There are other signs that there may be critical taphonomic problems at
Cuddie Springs, not least from the distribution of radiocarbon dates.
Of note are the 10 AMS and conventional dates from the critical and
supposedly more or less intact Stratigraphic Unit 6 below the 'pavement'
(Field & Dodson 1999, table 3).  From the lowest part of this layer,
Stratigraphic Unit 6B (=Archaeological Level 1), come six radiocarbon
dates averaging 30,720±160 years BP. Stratigraphic Unit 6A
(=Archaeological Levels 2 and 3) above has four dates averaging
29,553±170 years BP (averages calculated on Calib 4.1).  Despite this
apparent near-contemporaneity, the faunal and stone artefact remains in
the two strata show major differences.  Of special concern is that the
bone distribution implies a sequential stratigraphic structure, with an
increasing incidence of modern fauna and decrease in megafauna in the
upper Stratigraphic Unit 6A, despite the apparent near-contemporaneity
of Units 6A and 6B as indicated by the radiocarbon dates:  'The bone
assemblage from AL2 was more fragmented compared to AL1, as well as
containing a higher percentage of extant species. 
 The species
composition of AL2 shows a greater number of animal species represented
in the deposit compared to AL1, with four species of extinct fauna
identified.  Genyornis newtoni is now absent 
' (see also Field & Dodson
1999, table 5 for its presence in Stratigraphic Unit 6B, although we are
also told that 'By the time people had arrived at Cuddie Springs 

Genyornis newtoni 
 are all extinct' [Field & Dodson 1999, p. 293]).
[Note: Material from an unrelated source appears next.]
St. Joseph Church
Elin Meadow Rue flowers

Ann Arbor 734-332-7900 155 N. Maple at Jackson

These are worrying signs:  why is there a sequential change from much
modern fauna and few megafauna in the upper cultural levels of
Stratigraphic Unit 6, to increasing proportions of megafauna in the
lower parts of this Unit, if these strata are near-contemporaneous?  Are
we to believe that we are faced with the moment of extinction?  More
likely is the possibility that there has been some significant degree of
mixing of likely pre-human megafaunal deposits with more recent cultural
deposits.  But if such mixing has taken place, it becomes difficult to
determine which artefacts relate to which periods of time within the
cultural sequence, especially if the overlying strata contain very
recent materials (including cattle bone).
Also of concern is the apparent association of Pleistocene dates and
Tula adzes or Tula adze-like artefacts, a stone tool type shown by Peter
Hiscock and Peter Veth (1991) to be restricted to the mid to late
Holocene elsewhere in the arid zone.  John Dodson et al. (1993, p. 97)
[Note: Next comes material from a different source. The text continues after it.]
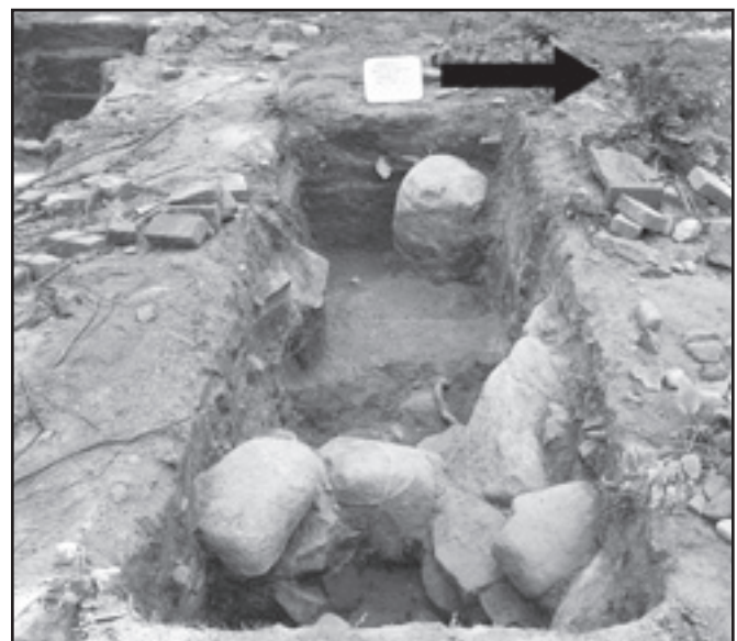
Figure 2. Units Y37, Y38, and Y39, showing foundation stones of the summer kitchen.

have thus noted of Cuddie Springs:  'from sediments dated between 30,000
and 19,000 BP, grindstones, ochre fragments and woodworking tools with
identical usewear and similar morphology to tula adzes (Kamminga 1982)
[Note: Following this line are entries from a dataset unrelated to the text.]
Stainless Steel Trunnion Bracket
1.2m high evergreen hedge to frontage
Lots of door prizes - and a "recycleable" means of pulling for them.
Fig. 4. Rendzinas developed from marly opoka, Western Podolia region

were recovered'.  While the Cuddie Springs sediments are reported to be
stratified, the absence of post-depositional movement of materials
within and between layers must be demonstrated empirically via
geomorphological studies before this otherwise important site that
threatens a need to revise established wisdom on human-megafaunal
relations as well as on the antiquity of seed grinding in Australia can
be reliably accepted.